Advertisement

Program Will Offer Catering Training

Share

Gina Mirabella knows what it’s like to be in need.

The Lithuanian native fashioned a lucrative business career and comfortable lifestyle in the United States, which included a Porsche sports car and a home in Palos Verdes Estates, before her marriage broke up and bad investments left her with nothing.

“All of a sudden I found myself homeless and penniless and at MEND’s [Meeting Each Need with Dignity] door asking for help,” she said Monday during a luncheon at the Pacoima social services agency.

Mirabella, who has since remarried and put her life in order, is now the food director at MEND and the driving force behind a new program to train the agency’s clients to work in the catering business.

Advertisement

“I was helped by MEND, and I stayed on as a volunteer, as do many of the recipients,” Mirabella said. “I consider it my family.”
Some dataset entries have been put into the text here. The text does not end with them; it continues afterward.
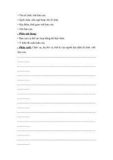Câu 3: Viết báo cáo về việc tình hình và kết quả học tập trong tháng của lớp em. * Gợi ý: - Phần mở đầu: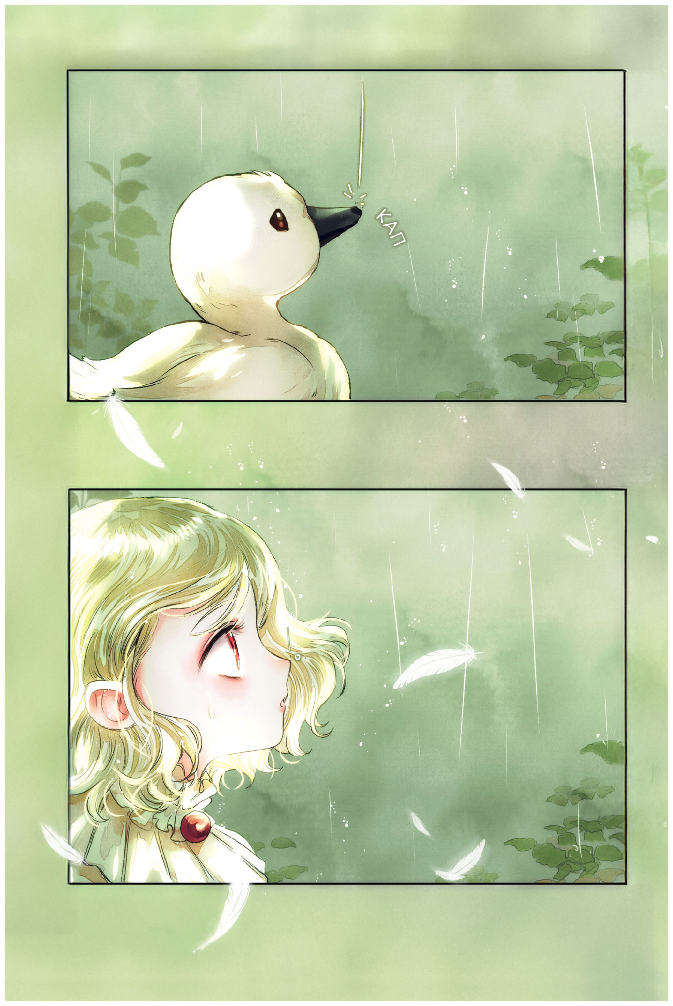 Словно пытаясь таким образом вернуть себе самообладание, она прикоснулась к голове лебеденка, лежащего у нее на коленях. Каким же невинным и милым был вид этой малышки-лебедя, которая, расправив крылья, подставляла свою головку под ее ладонь.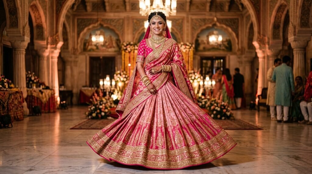 The result is a garment that has the cultural resonance of a saree and the youthful, festive energy of a lehenga. Heavily embroidered fabrics in bridal pinks and golds look spectacular in this style. It is particularly popular with younger women who love the saree but find the lehenga’s footwork freedom appealing.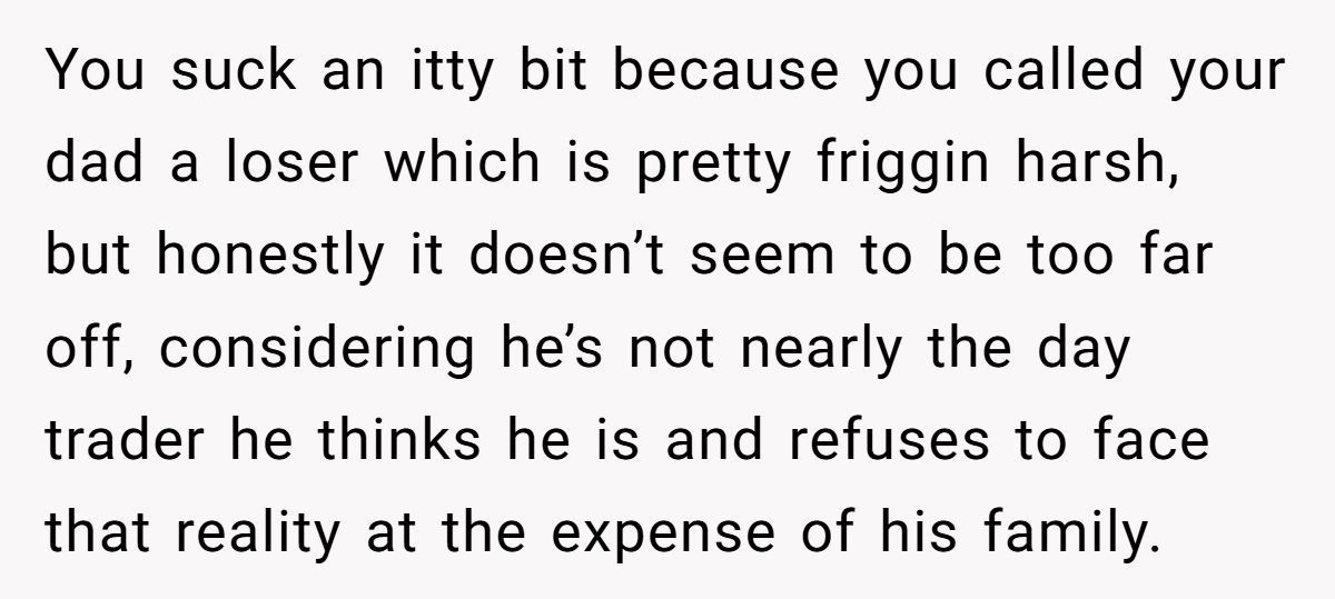 The confrontation got heated. Emotions exploded. Words were said—like calling dad a “loser.” Now the OP (Original Poster) is left wondering: Was the outburst justified, or did they go too far?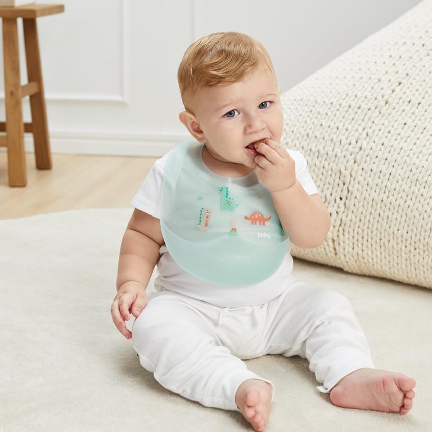 O Babador Buba Magic Dino traz um design lúdico com dinossauros e animais que encantam os pequenos, tornando a alimentação mais leve e divertida.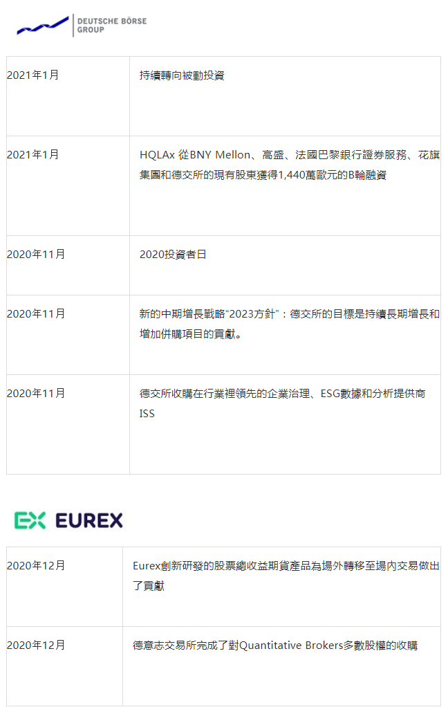 下列所示為德交所實現未來增長策略的相關的工作與重要項目公告。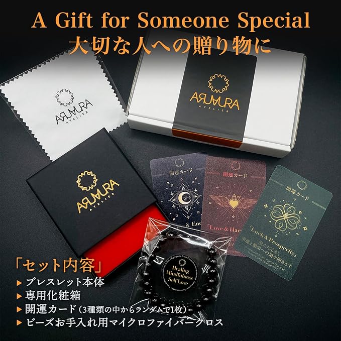 オリジナルセット内容:ブレスレット本体、専用化粧箱、開運カード(3種類の中からランダムで1枚)、ビーズお手入れ用マイクロファイバークロス

Monday’s luncheon, sponsored by Kaiser Permanente and Los Angeles County Supervisor Zev Yaroslavsky and attended by nearly 100 representatives from other service agencies and local businesses, served as an opportunity for MEND officials to showcase the merits of the catering service and seek support for its varied programs.

MEND, which celebrated its 25th anniversary this year, provides food, clothing, medical and dental services and job training for needy residents of the northeastern San Fernando Valley.
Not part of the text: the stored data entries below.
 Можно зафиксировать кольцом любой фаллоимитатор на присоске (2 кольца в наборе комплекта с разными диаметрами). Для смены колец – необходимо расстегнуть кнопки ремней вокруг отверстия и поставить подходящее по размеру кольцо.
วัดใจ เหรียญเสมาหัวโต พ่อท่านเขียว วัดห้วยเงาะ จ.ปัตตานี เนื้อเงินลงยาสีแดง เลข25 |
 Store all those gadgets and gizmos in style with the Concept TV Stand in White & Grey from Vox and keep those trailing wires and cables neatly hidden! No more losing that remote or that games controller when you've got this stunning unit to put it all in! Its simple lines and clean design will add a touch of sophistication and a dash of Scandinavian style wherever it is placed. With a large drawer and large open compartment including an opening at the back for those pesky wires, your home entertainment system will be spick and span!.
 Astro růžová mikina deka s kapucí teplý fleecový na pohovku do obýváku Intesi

“The whole idea of MEND is to give people an opportunity to pull people up by their bootstraps and be an asset to society,” said MEND board chairman Steve Brown, a Valley businessman.
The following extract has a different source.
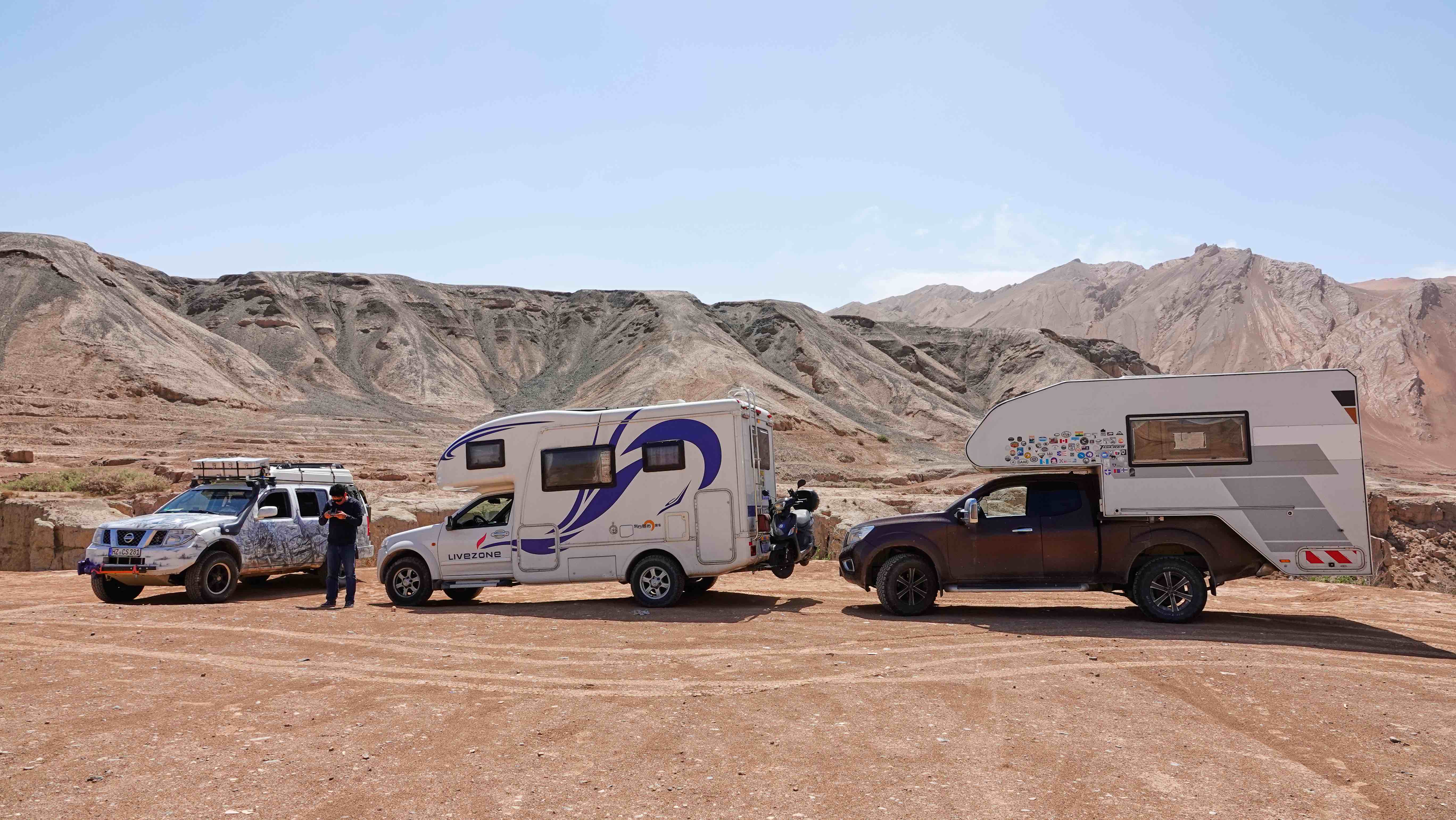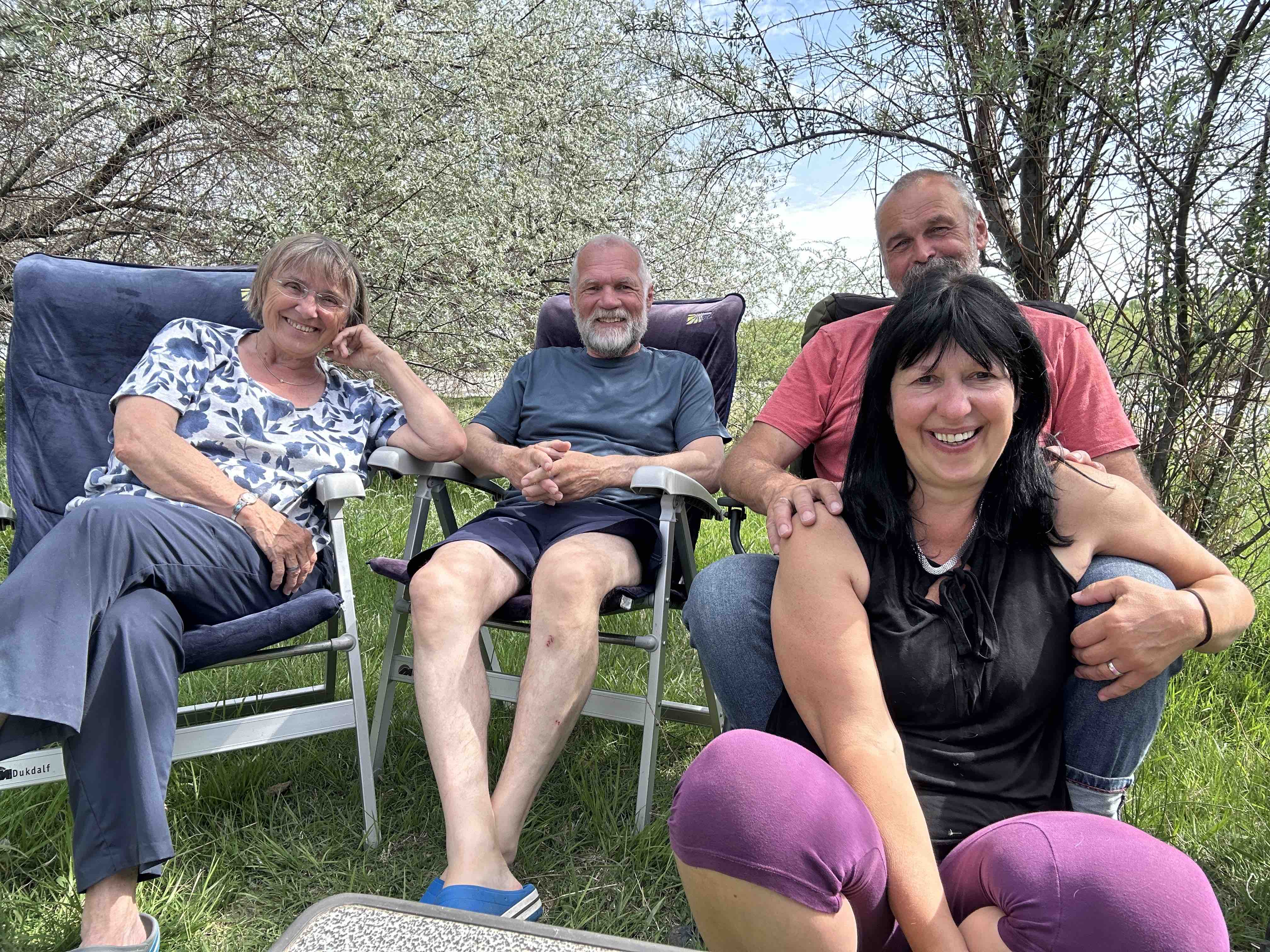 Unser Erstaunen ist riesig, als wir ihr Wohnmobil entdecken, mit dem sie uns auf unserer Tour begleiten werden. Alle Gedanken, die wir uns gemacht haben, wie unser Wunsch organisatorisch zu lösen sei, möglichst oft fernab von Ortschaften in der Natur übernachten zu wollen, lösen sich in dem Augenblick in Wohlgefallen auf! Super, besser hätte es nicht kommen können!

It was that philosophy that led to the catering program, said Marianne Hill, MEND’s executive director.

“A lot of the women involved in this didn’t have any formal training, but they’re good cooks,” Hill said. “Our plan is to get them some formalized training. We’ll have them cater events here and then hopefully branch out into the community, perhaps for other service agencies and charities.”